Liquid state thermochemical decomposition of neat 1,3,5,5-tetranitrohexahydropyrimidine (DNNC) and its DNNC-d2, DNNC-d4, DNNC-d6 structural isotopomers: Mechanistic entrance into the DNNC molecule

Global kinetics for the liquid state thermochemical decomposition of neat 1,3,5,5-tetranitrohexahydropyrimidine (DNNC), perdeuterio-labeled DNNC-d6, and partially deuterium-labeled DNNC-d2 and DNNC-d4 isotopomers were obtained by isothermal differential scanning calorimetry (IDSC).
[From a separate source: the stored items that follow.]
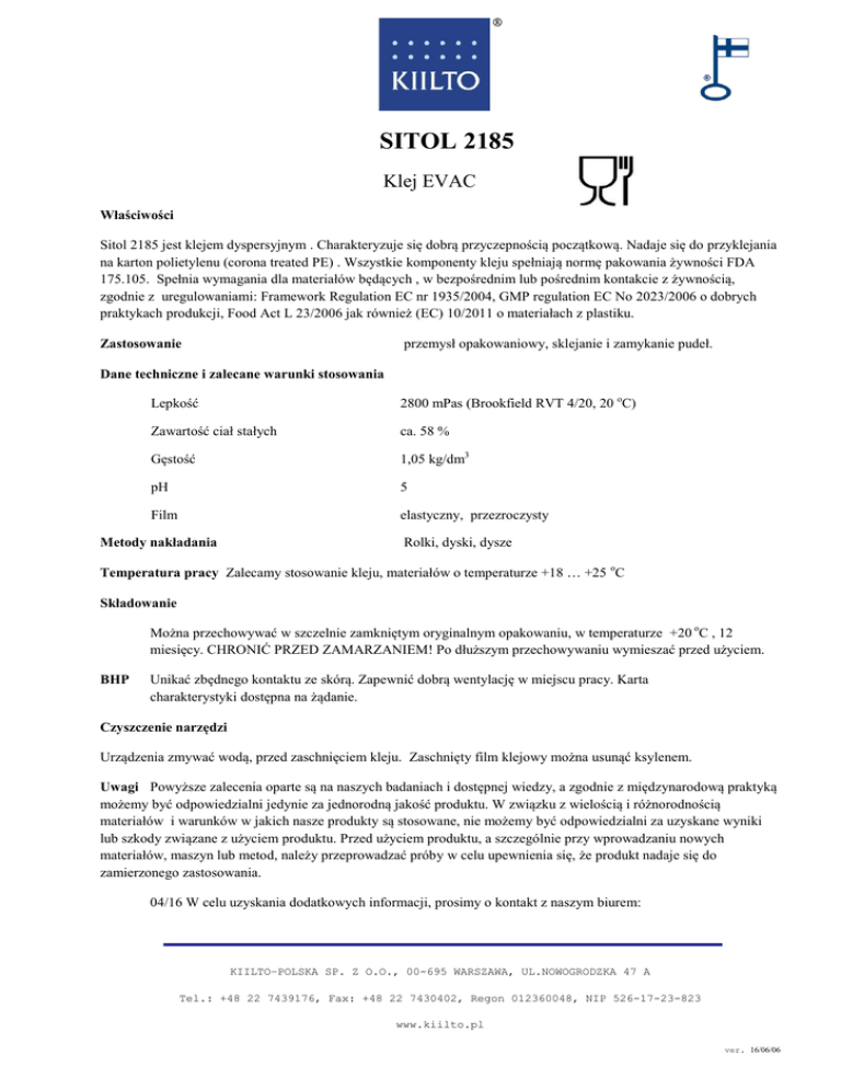 SITOL 2185 Klej EVAC Właściwości Sitol 2185 jest klejem dyspersyjnym . Charakteryzuje się dobrą przyczepnością początkową. Nadaje się do przyklejania na karton polietylenu (corona treated PE) . Wszystkie komponenty kleju spełniają normę pakowania żywności FDA 175.105. Spełnia wymagania dla materiałów będących , w bezpośrednim lub pośrednim kontakcie z żywnością, zgodnie z uregulowaniami: Framework Regulation EC nr 1935/2004, GMP regulation EC No 2023/2006 o dobrych praktykach produkcji, Food Act L 23/2006 jak również (EC) 10/2011 o materiałach z plastiku. przemysł opakowaniowy, sklejanie i zamykanie pudeł. Zastosowanie Dane techniczne i zalecane warunki stosowania Lepkość 2800 mPas (Brookfield RVT 4/20, 20 oC) Zawartość ciał stałych ca. 58 % Gęstość 1,05 kg/dm3 pH 5 Film elastyczny, przezroczysty Metody nakładania Rolki, dyski, dysze Temperatura pracy Zalecamy stosowanie kleju, materiałów o temperaturze +18 … +25 oC Składowanie Można przechowywać w szczelnie zamkniętym oryginalnym opakowaniu, w temperaturze +20 oC , 12 miesięcy. CHRONIĆ PRZED ZAMARZANIEM! Po dłuższym przechowywaniu wymieszać przed użyciem. BHP Unikać zbędnego kontaktu ze skórą. Zapewnić dobrą wentylację w miejscu pracy. Karta charakterystyki dostępna na żądanie. Czyszczenie narzędzi Urządzenia zmywać wodą, przed zaschnięciem kleju. Zaschnięty film klejowy można usunąć ksylenem. Uwagi Powyższe zalecenia oparte są na naszych badaniach i dostępnej wiedzy, a zgodnie z międzynarodową praktyką możemy być odpowiedzialni jedynie za jednorodną jakość produktu. W związku z wielością i różnorodnością materiałów i warunków w jakich nasze produkty są stosowane, nie możemy być odpowiedzialni za uzyskane wyniki lub szkody związane z użyciem produktu. Przed użyciem produktu, a szczególnie przy wprowadzaniu nowych materiałów, maszyn lub metod, należy przeprowadzać próby w celu upewnienia się, że produkt nadaje się do zamierzonego zastosowania. 04/16 W celu uzyskania dodatkowych informacji, prosimy o kontakt z naszym biurem: KIILTO–POLSKA SP. Z O.O., 00-695 WARSZAWA, UL.NOWOGRODZKA 47 A Tel.: +48 22 7439176, Fax: +48 22 7430402, Regon 012360048, NIP 526-17-23-823 www.kiilto.pl ver. 16/06/06
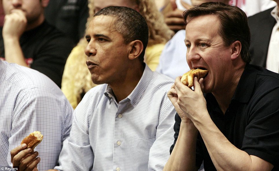 Well, they asked for it! Look away now if you have a weak stomach. The latest photo opportunity for the World’s press was to see Barrack Obama and David Cameron eating hot dogs at a basket ball match in Ohio. Thanks for that gentlemen. You must be so cool and human and electable – if you weren’t turning our stomachs that is.
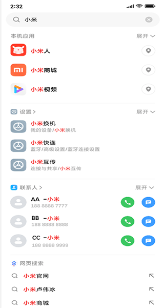 支持搜索应用、设置项、联系人、短信、便签、邮件、文件等丰富的本地数据。
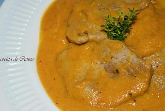 Trituramos el sofrito, le añadimos los filetes de lomo y cocemos todo junto otros 10 minutos.

Molecular kinetic deuterium isotope effect (KDIE) values obtained with DNNC and DNNC-d6 from 174 to 194 °C revealed that CH bond rupture regulates both an endothermic catalytic initiation and the exothermic propagation of the liquid thermochemical decomposition process. Using IDSC-based KDIE comparisons with the DNNC-d2, DNNC-d4, and DNNC-d6 isotopomers, a more detailed chemical structure/mechanistic relationship emerged by entering the interior of the DNNC molecule. Here structural kinetic KDIE results showed the rate-controlling CH bond rupture has its origin at the non-equivalent C-2 methylene group sandwiched between the two nitrated DNNC nitrogen ring atoms, versus at the chemically equivalent C-4 and C-6 methylene ring positions located elsewhere in the DNNC molecule. Elucidation of such mechanistic features should aid in the structural design of new high-energy compounds with improved thermochemical properties. A 170.0 kJ/mol activation energy appeared for the endothermic induction period, and a lower 104.2 kJ/mol activation energy was determined for the exothermic acceleratory portion of the DNNC decomposition process. The global liquid and solid state thermochemical decomposition processes for DNNC are compared.